• [Data]:
•••
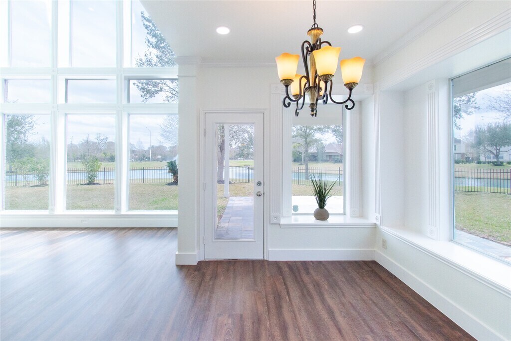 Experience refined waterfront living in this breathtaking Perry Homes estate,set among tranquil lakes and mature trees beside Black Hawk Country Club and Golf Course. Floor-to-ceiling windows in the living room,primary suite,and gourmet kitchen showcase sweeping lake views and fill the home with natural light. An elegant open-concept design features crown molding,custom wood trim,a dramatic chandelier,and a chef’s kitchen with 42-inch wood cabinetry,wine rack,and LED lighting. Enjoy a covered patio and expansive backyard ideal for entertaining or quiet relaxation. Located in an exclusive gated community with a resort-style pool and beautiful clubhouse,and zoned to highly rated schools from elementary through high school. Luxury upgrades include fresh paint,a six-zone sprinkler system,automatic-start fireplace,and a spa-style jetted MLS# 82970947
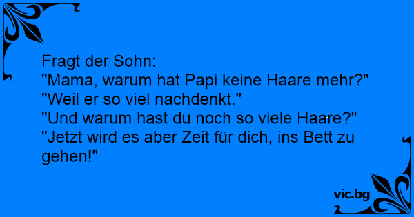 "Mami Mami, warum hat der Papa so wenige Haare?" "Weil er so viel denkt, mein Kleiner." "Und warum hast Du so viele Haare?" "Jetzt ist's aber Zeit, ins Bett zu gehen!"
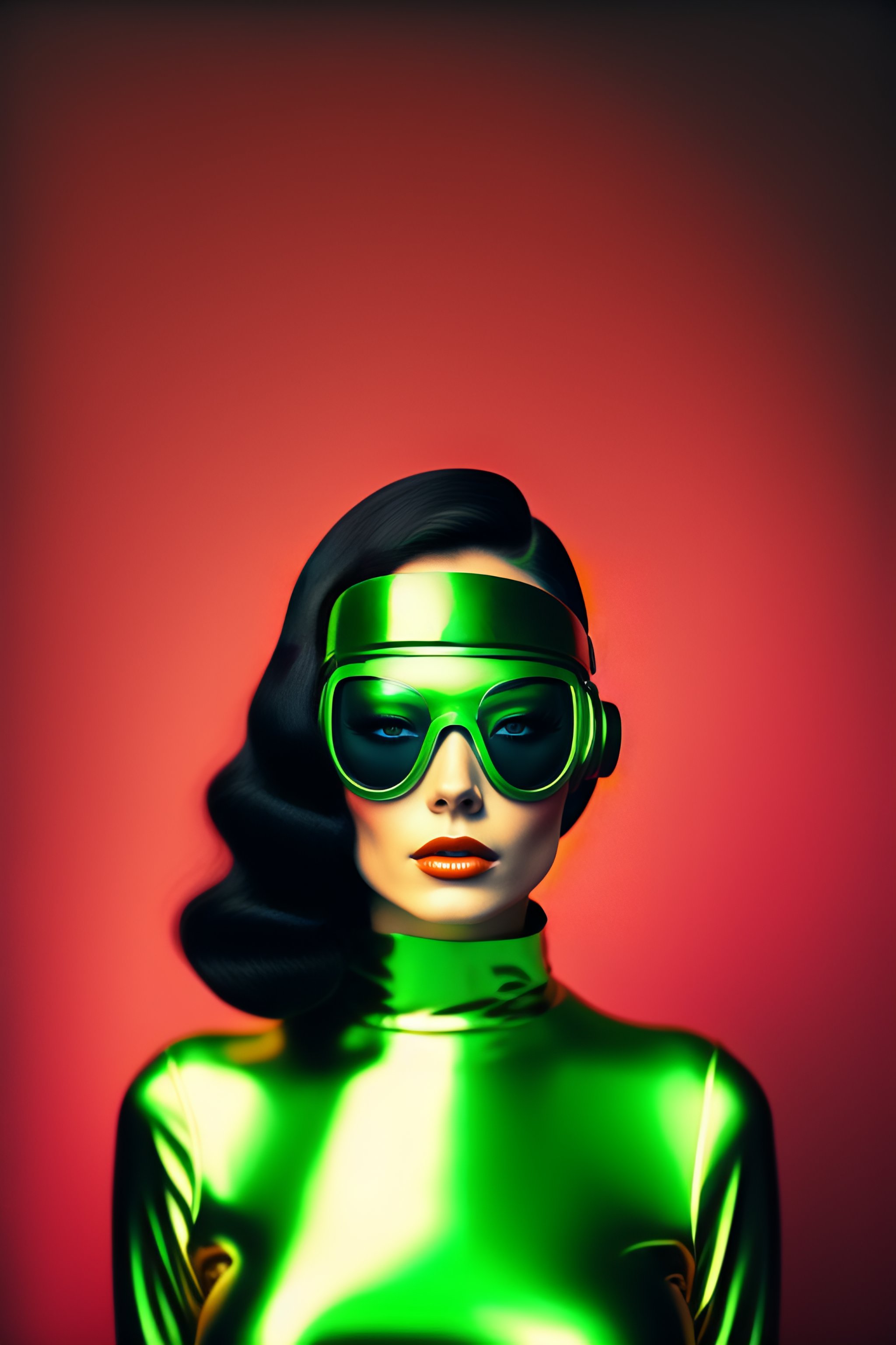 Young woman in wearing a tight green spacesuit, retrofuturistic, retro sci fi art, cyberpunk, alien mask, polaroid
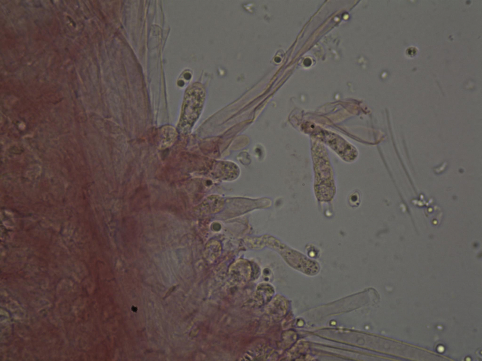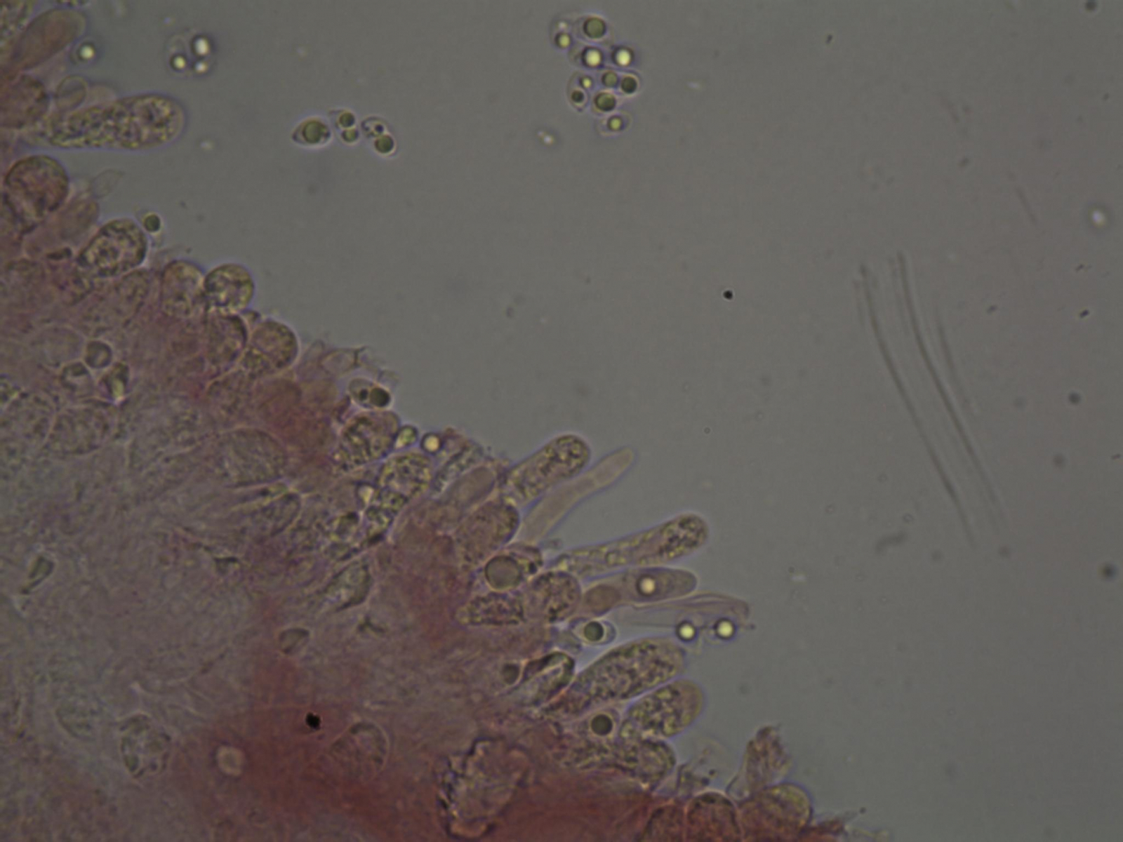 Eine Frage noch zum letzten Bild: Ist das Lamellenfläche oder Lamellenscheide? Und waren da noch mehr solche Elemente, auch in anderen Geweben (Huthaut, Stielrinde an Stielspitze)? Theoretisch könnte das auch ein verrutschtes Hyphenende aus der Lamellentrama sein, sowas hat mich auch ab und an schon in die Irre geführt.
•••
• [Instructions for the task]: Retype the whole of the data verbatim. Skip every picture.

• [Written solution]:
 Experience refined waterfront living in this breathtaking Perry Homes estate,set among tranquil lakes and mature trees beside Black Hawk Country Club and Golf Course. Floor-to-ceiling windows in the living room,primary suite,and gourmet kitchen showcase sweeping lake views and fill the home with natural light. An elegant open-concept design features crown molding,custom wood trim,a dramatic chandelier,and a chef’s kitchen with 42-inch wood cabinetry,wine rack,and LED lighting. Enjoy a covered patio and expansive backyard ideal for entertaining or quiet relaxation. Located in an exclusive gated community with a resort-style pool and beautiful clubhouse,and zoned to highly rated schools from elementary through high school. Luxury upgrades include fresh paint,a six-zone sprinkler system,automatic-start fireplace,and a spa-style jetted MLS# 82970947
 "Mami Mami, warum hat der Papa so wenige Haare?" "Weil er so viel denkt, mein Kleiner." "Und warum hast Du so viele Haare?" "Jetzt ist's aber Zeit, ins Bett zu gehen!"
 Young woman in wearing a tight green spacesuit, retrofuturistic, retro sci fi art, cyberpunk, alien mask, polaroid
 Eine Frage noch zum letzten Bild: Ist das Lamellenfläche oder Lamellenscheide? Und waren da noch mehr solche Elemente, auch in anderen Geweben (Huthaut, Stielrinde an Stielspitze)? Theoretisch könnte das auch ein verrutschtes Hyphenende aus der Lamellentrama sein, sowas hat mich auch ab und an schon in die Irre geführt.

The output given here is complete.